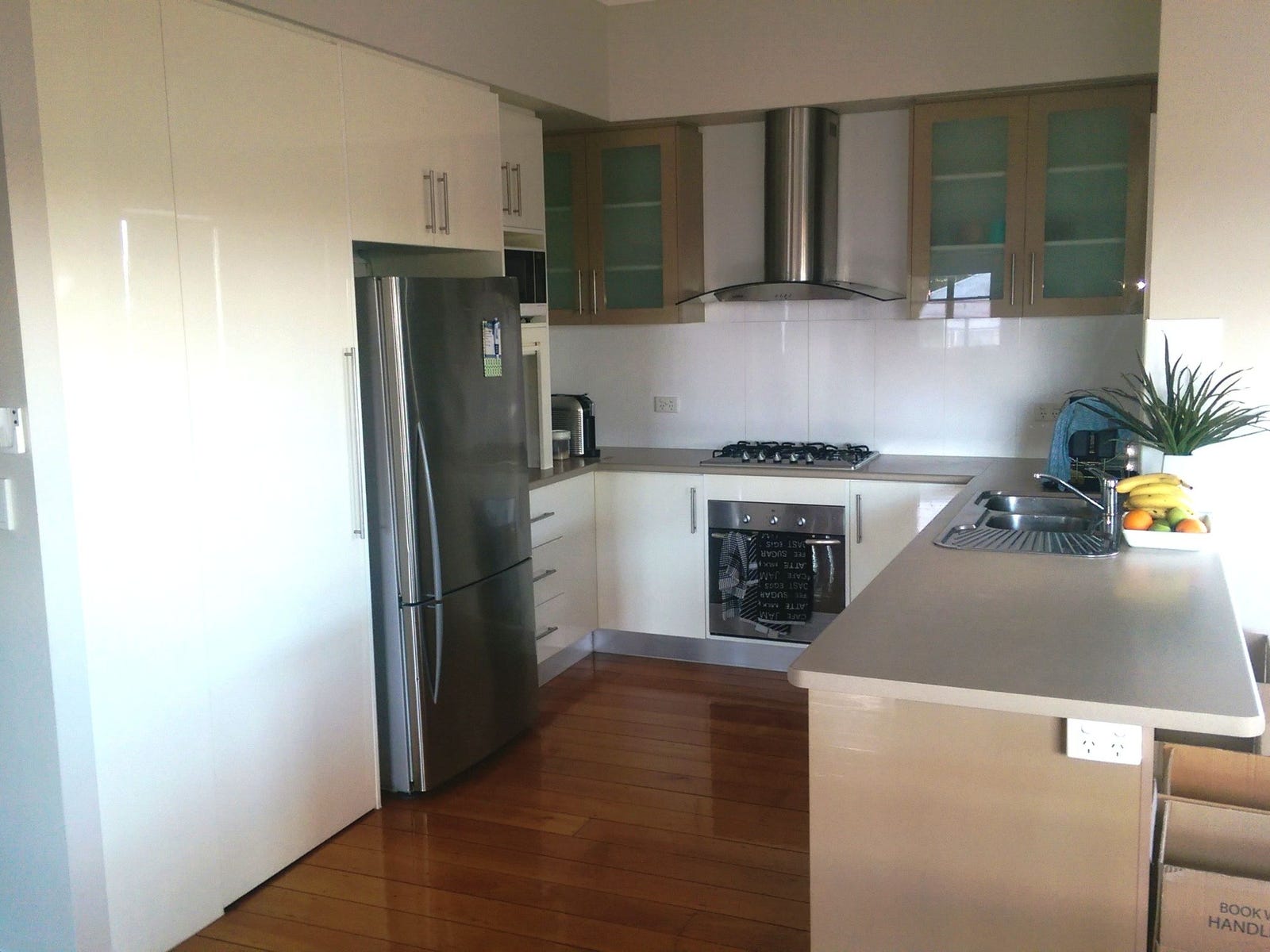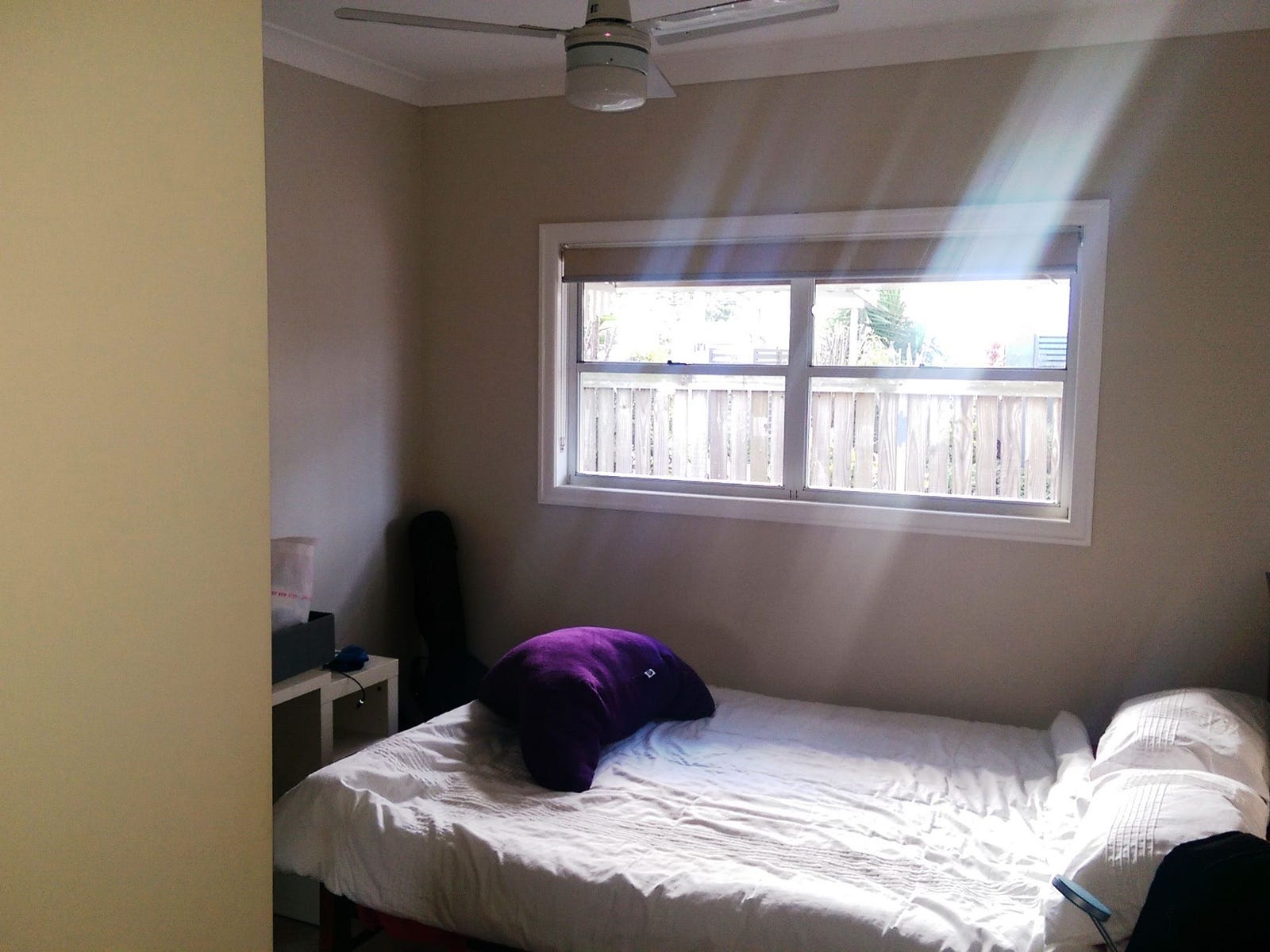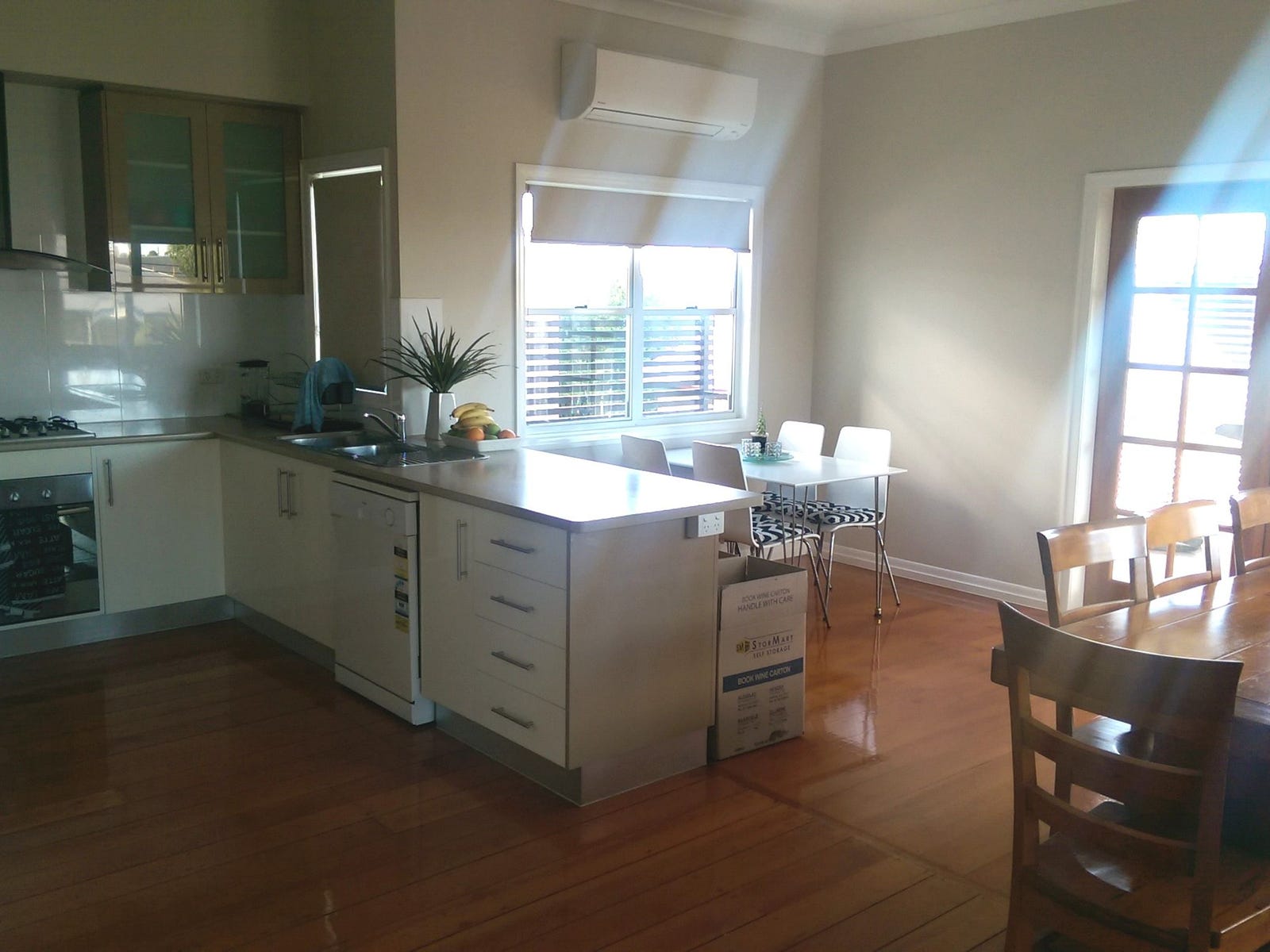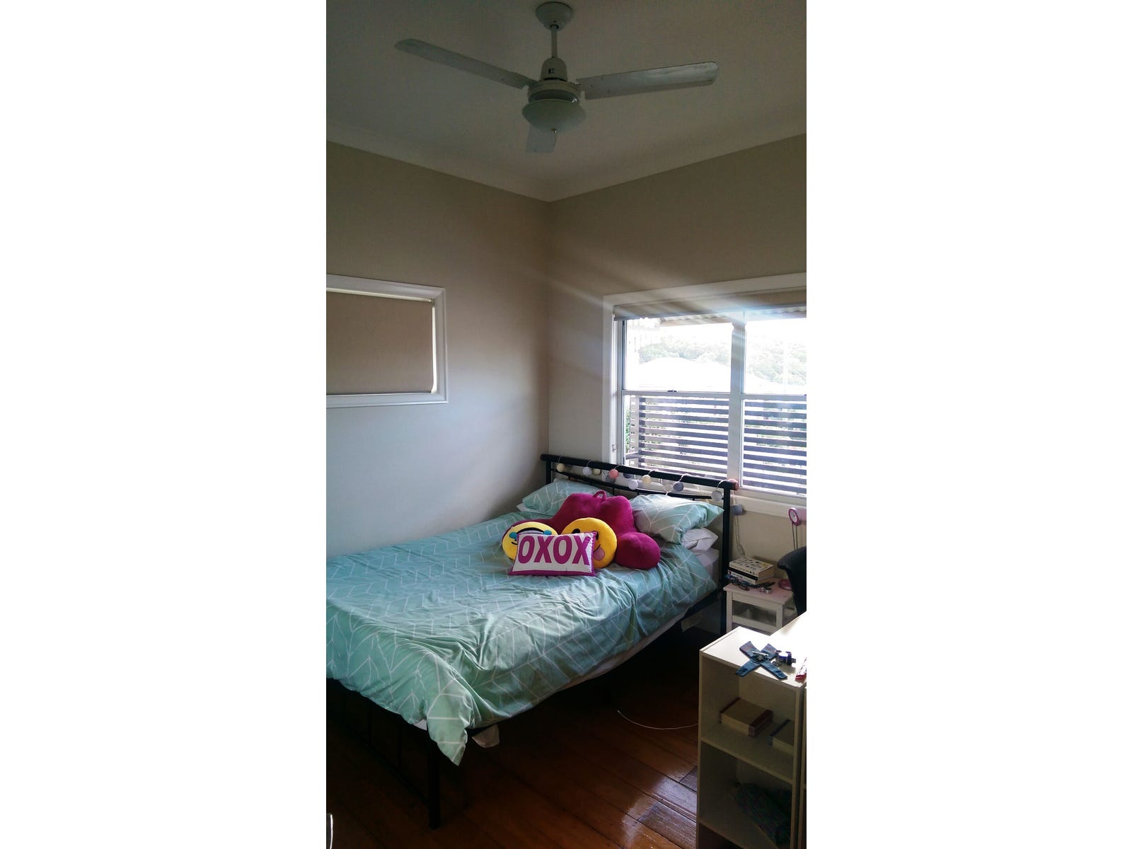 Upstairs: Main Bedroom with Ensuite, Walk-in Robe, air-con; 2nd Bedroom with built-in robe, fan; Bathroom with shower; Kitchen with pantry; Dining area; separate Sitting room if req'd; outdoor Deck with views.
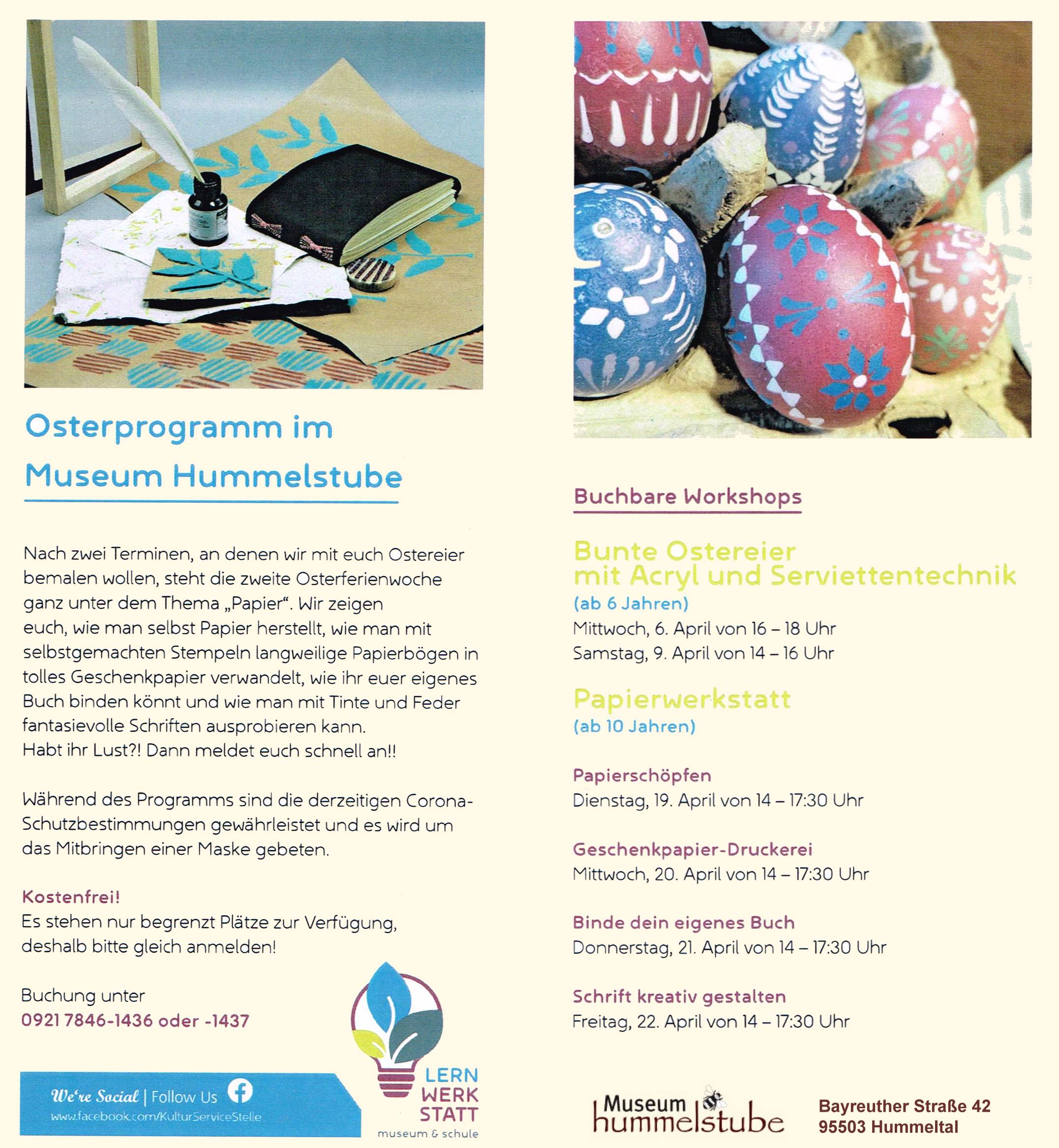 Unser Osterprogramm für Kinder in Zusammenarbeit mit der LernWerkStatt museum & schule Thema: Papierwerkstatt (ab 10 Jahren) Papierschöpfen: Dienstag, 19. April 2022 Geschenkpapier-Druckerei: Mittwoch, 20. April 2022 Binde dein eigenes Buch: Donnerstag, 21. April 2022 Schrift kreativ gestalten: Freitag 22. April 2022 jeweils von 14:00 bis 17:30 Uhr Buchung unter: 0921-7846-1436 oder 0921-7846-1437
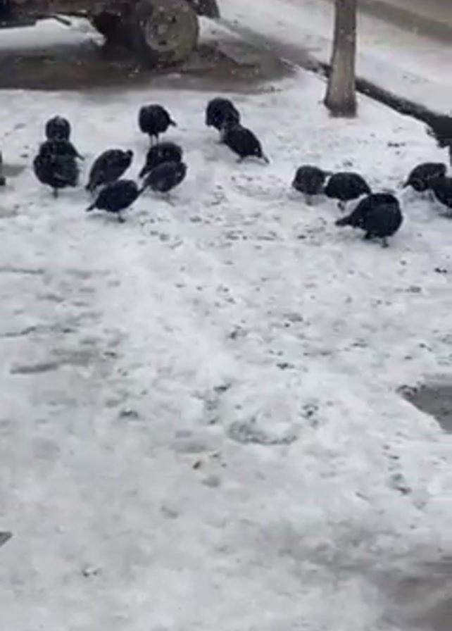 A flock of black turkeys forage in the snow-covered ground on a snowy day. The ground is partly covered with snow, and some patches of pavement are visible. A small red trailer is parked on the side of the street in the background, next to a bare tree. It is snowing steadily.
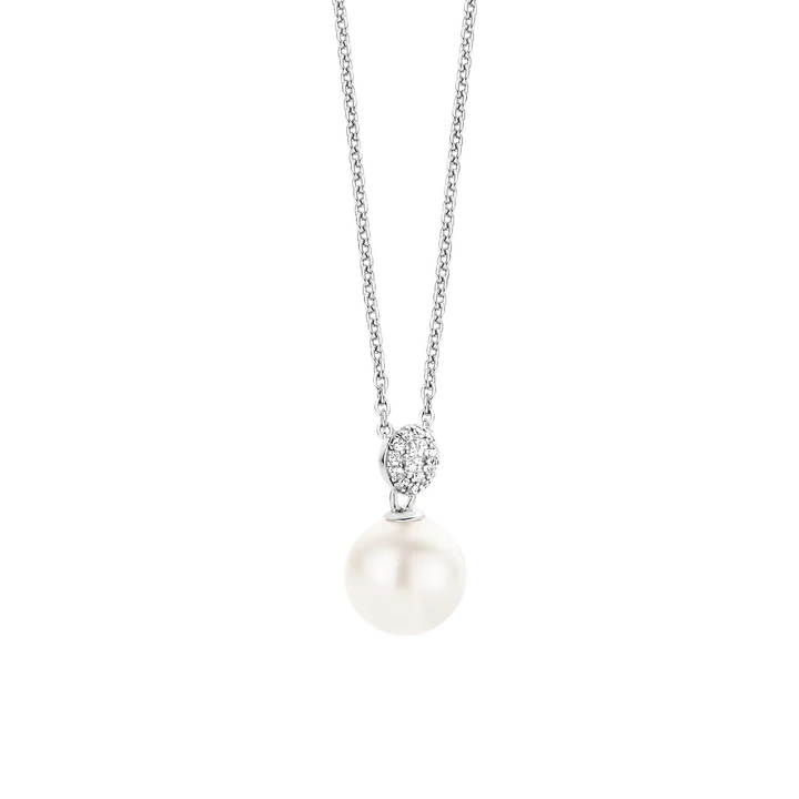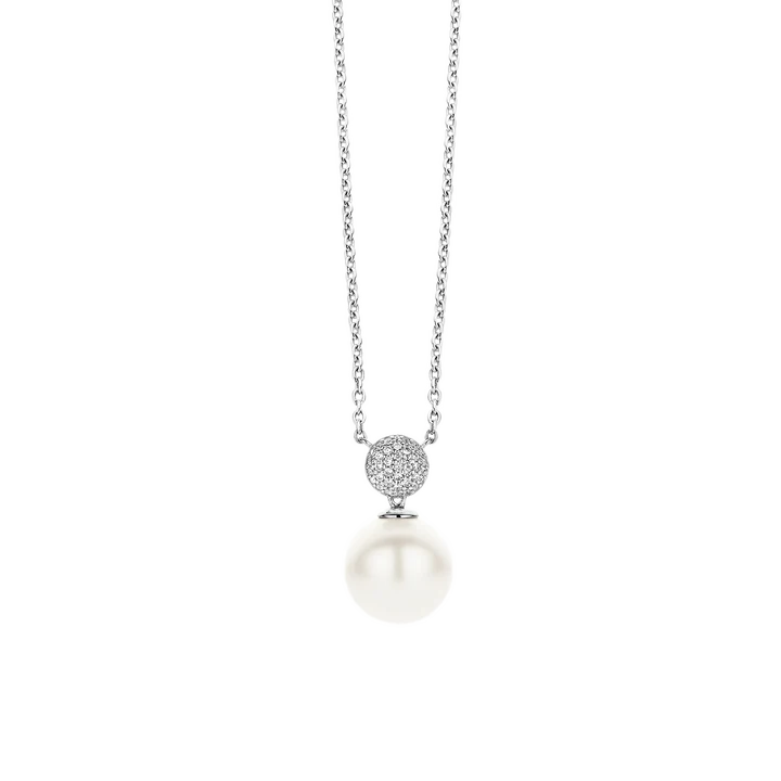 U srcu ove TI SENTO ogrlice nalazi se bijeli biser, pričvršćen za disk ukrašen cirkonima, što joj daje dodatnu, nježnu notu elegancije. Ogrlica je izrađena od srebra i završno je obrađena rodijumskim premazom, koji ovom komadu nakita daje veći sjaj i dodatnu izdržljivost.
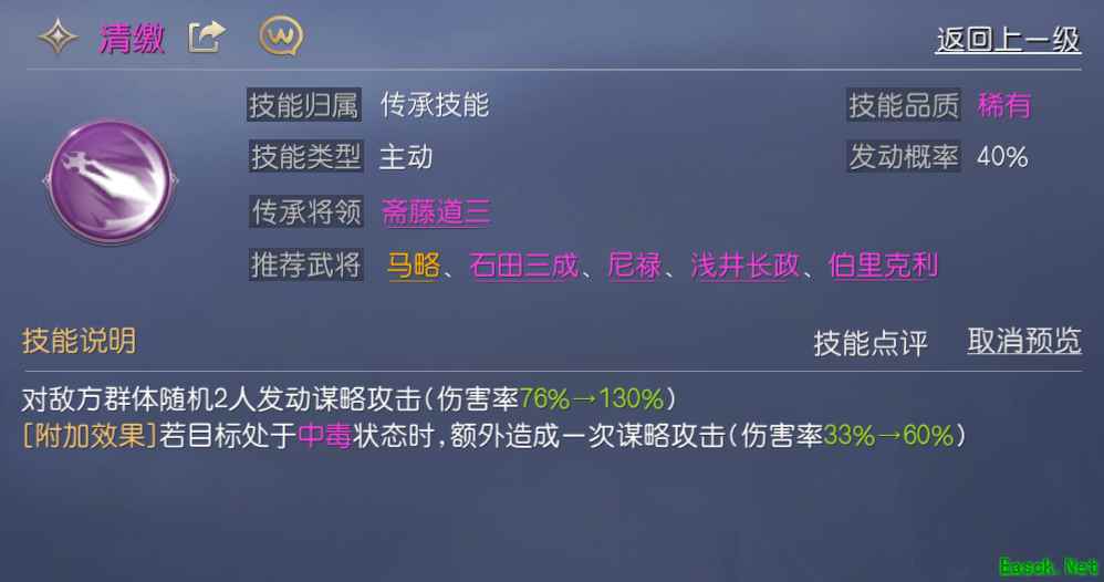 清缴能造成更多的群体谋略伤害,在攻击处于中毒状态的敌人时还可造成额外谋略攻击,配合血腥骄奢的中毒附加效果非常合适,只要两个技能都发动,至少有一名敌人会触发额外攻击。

++++++

Brief:
Copy all the material above exactly, but skip each image.

Reply:
 Upstairs: Main Bedroom with Ensuite, Walk-in Robe, air-con; 2nd Bedroom with built-in robe, fan; Bathroom with shower; Kitchen with pantry; Dining area; separate Sitting room if req'd; outdoor Deck with views.
 Unser Osterprogramm für Kinder in Zusammenarbeit mit der LernWerkStatt museum & schule Thema: Papierwerkstatt (ab 10 Jahren) Papierschöpfen: Dienstag, 19. April 2022 Geschenkpapier-Druckerei: Mittwoch, 20. April 2022 Binde dein eigenes Buch: Donnerstag, 21. April 2022 Schrift kreativ gestalten: Freitag 22. April 2022 jeweils von 14:00 bis 17:30 Uhr Buchung unter: 0921-7846-1436 oder 0921-7846-1437
 A flock of black turkeys forage in the snow-covered ground on a snowy day. The ground is partly covered with snow, and some patches of pavement are visible. A small red trailer is parked on the side of the street in the background, next to a bare tree. It is snowing steadily.
 U srcu ove TI SENTO ogrlice nalazi se bijeli biser, pričvršćen za disk ukrašen cirkonima, što joj daje dodatnu, nježnu notu elegancije. Ogrlica je izrađena od srebra i završno je obrađena rodijumskim premazom, koji ovom komadu nakita daje veći sjaj i dodatnu izdržljivost.
 清缴能造成更多的群体谋略伤害,在攻击处于中毒状态的敌人时还可造成额外谋略攻击,配合血腥骄奢的中毒附加效果非常合适,只要两个技能都发动,至少有一名敌人会触发额外攻击。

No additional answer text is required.